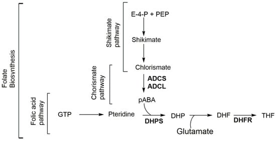 In order to better understand their mechanism of action, it would be useful to first apprehend their molecular target. In a secondary metabolism leading to folates, pABA is synthesized within the chorismate pathway from chorismate in two steps requiring regio-specific amination and aromatization sequences, with overall retention of position and stereochemistry. Chorismate and glutamine are thus aminated by ADCS, yielding glutamate and 4-amino-4-deoxychorismate (ADC). ADC is then aromatized by 4-amino-4-deoxychorismate lyase (ADCL) to generate pABA, with loss of pyruvate (Figure 5). pABA then enters the folic acid pathway, and is added to the pterin moiety by DHPS to later yield active tetrahydrofolates (Figure 1) []. The formation of the intermediate ADC in the chorismate pathway requires both a glutamine amidotransferase (GAT) and ADC synthase activity (Figure 5). In many bacteria, such as Escherichia coli and Bacillus subtilis, ADC synthesis requires two separate enzymes to perform the corresponding enzymatic GAT and ADCS activities. Most prokaryotes possess, therefore, three separate genes encoding the three different enzymatic functions needed for pABA synthesis: PabA-encoded GAT, PabB-encoded ADCS, and PabC-encoded ADCL activities (Figure 5) [,,,], whereas plants and lower eukaryotes possess two genes encoding two separate enzymes: a bifunctional glutamine amidotransferase–aminodeoxychorismate synthase (GAT–ADCS) enzyme and an ADCL enzyme [,,,,,].
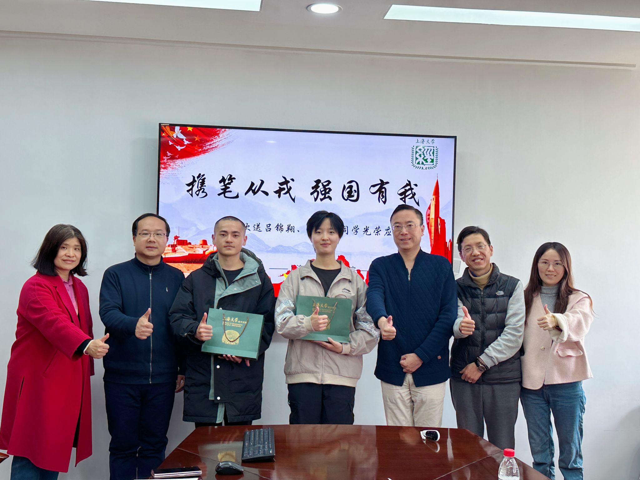 孟添高度赞扬两位同学报效祖国的决心,为同学们能够到部队锻炼倍感骄傲。他希望两位同学能够秉持“自强不息、道济天下”的校训精神,在部队中刻苦训练,努力在保卫祖国的光荣岗位上实现人生价值,在强军兴军征程中书写人生精彩华章。并希望他们发挥爱国荣校精神,退役后将部队精神带回校园。
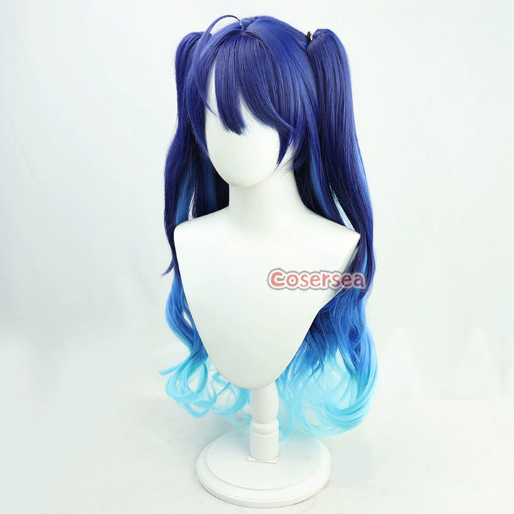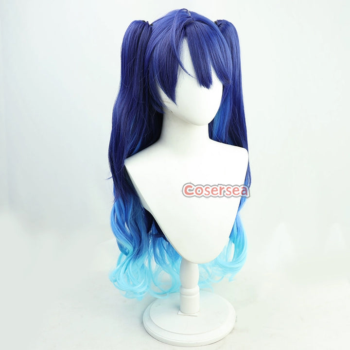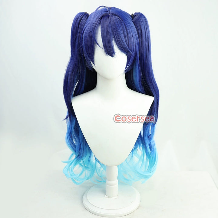 Virtual YouTuber Amamiya Kokoro 65cm Blue Mixed Light Blue Ponytail Cosplay Wigs

#### Assignment
Repeat the data exactly. Pictures should not appear.

#### Completed exercise
 In order to better understand their mechanism of action, it would be useful to first apprehend their molecular target. In a secondary metabolism leading to folates, pABA is synthesized within the chorismate pathway from chorismate in two steps requiring regio-specific amination and aromatization sequences, with overall retention of position and stereochemistry. Chorismate and glutamine are thus aminated by ADCS, yielding glutamate and 4-amino-4-deoxychorismate (ADC). ADC is then aromatized by 4-amino-4-deoxychorismate lyase (ADCL) to generate pABA, with loss of pyruvate (Figure 5). pABA then enters the folic acid pathway, and is added to the pterin moiety by DHPS to later yield active tetrahydrofolates (Figure 1) []. The formation of the intermediate ADC in the chorismate pathway requires both a glutamine amidotransferase (GAT) and ADC synthase activity (Figure 5). In many bacteria, such as Escherichia coli and Bacillus subtilis, ADC synthesis requires two separate enzymes to perform the corresponding enzymatic GAT and ADCS activities. Most prokaryotes possess, therefore, three separate genes encoding the three different enzymatic functions needed for pABA synthesis: PabA-encoded GAT, PabB-encoded ADCS, and PabC-encoded ADCL activities (Figure 5) [,,,], whereas plants and lower eukaryotes possess two genes encoding two separate enzymes: a bifunctional glutamine amidotransferase–aminodeoxychorismate synthase (GAT–ADCS) enzyme and an ADCL enzyme [,,,,,].
 孟添高度赞扬两位同学报效祖国的决心,为同学们能够到部队锻炼倍感骄傲。他希望两位同学能够秉持“自强不息、道济天下”的校训精神,在部队中刻苦训练,努力在保卫祖国的光荣岗位上实现人生价值,在强军兴军征程中书写人生精彩华章。并希望他们发挥爱国荣校精神,退役后将部队精神带回校园。
 Virtual YouTuber Amamiya Kokoro 65cm Blue Mixed Light Blue Ponytail Cosplay Wigs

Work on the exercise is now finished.